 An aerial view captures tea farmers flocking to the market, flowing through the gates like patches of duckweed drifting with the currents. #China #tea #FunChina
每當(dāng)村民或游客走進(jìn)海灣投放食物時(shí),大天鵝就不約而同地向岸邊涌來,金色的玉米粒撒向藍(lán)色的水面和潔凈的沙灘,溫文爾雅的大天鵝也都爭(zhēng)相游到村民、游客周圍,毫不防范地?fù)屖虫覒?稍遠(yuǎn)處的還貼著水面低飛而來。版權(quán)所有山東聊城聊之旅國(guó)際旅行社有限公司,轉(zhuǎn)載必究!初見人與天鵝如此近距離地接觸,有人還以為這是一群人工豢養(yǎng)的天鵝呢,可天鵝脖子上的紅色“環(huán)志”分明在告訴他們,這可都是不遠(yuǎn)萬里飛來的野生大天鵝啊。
⁂
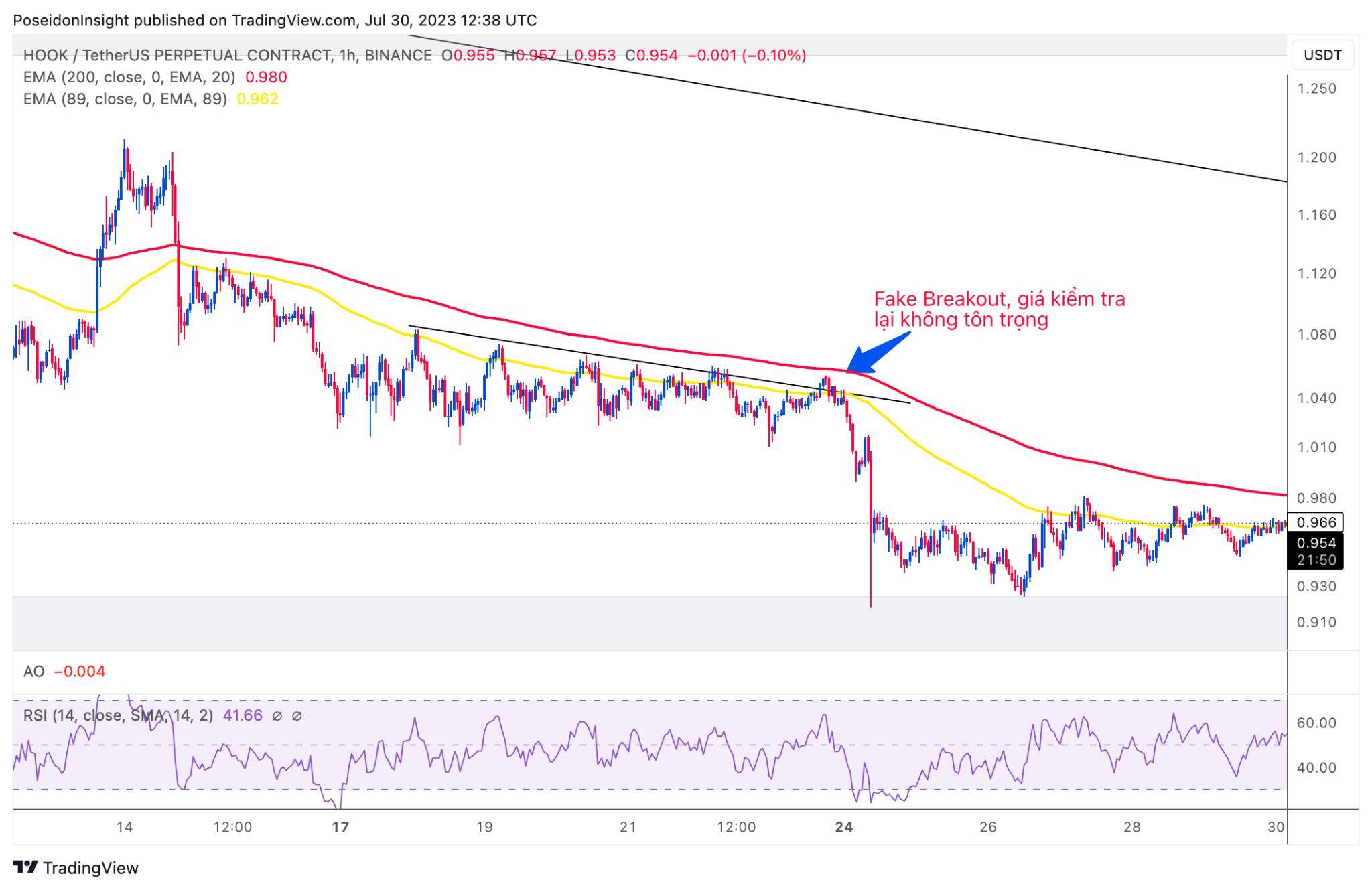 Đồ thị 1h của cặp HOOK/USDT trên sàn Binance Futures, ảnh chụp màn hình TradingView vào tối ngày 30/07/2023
⁂
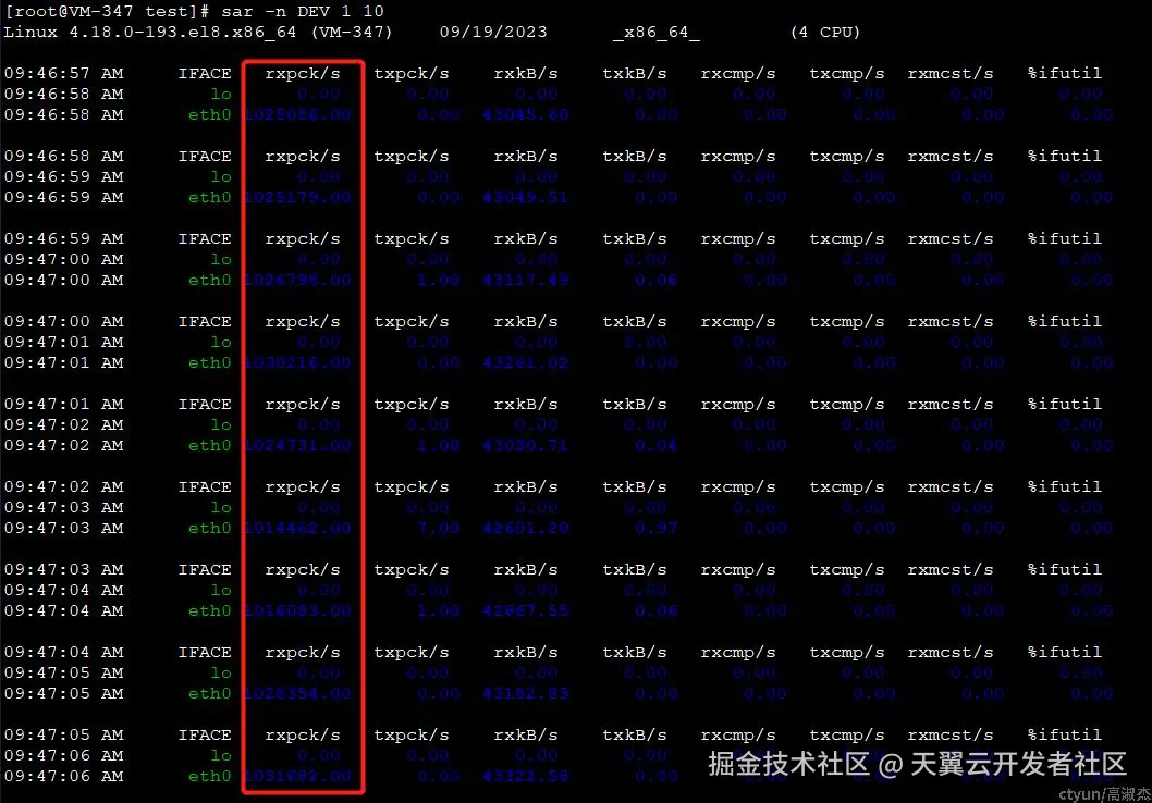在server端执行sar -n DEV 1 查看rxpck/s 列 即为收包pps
⁂
EXERCISE OBJECTIVE: Look through the entries above and quote exactly the lines from the line with "An aerial view" to the line with "每當(dāng)村民或游客走", counting both of those lines.

RESPONSE TO THE EXERCISE:
 An aerial view captures tea farmers flocking to the market, flowing through the gates like patches of duckweed drifting with the currents. #China #tea #FunChina
每當(dāng)村民或游客走進(jìn)海灣投放食物時(shí),大天鵝就不約而同地向岸邊涌來,金色的玉米粒撒向藍(lán)色的水面和潔凈的沙灘,溫文爾雅的大天鵝也都爭(zhēng)相游到村民、游客周圍,毫不防范地?fù)屖虫覒?稍遠(yuǎn)處的還貼著水面低飛而來。版權(quán)所有山東聊城聊之旅國(guó)際旅行社有限公司,轉(zhuǎn)載必究!初見人與天鵝如此近距離地接觸,有人還以為這是一群人工豢養(yǎng)的天鵝呢,可天鵝脖子上的紅色“環(huán)志”分明在告訴他們,這可都是不遠(yuǎn)萬里飛來的野生大天鵝啊。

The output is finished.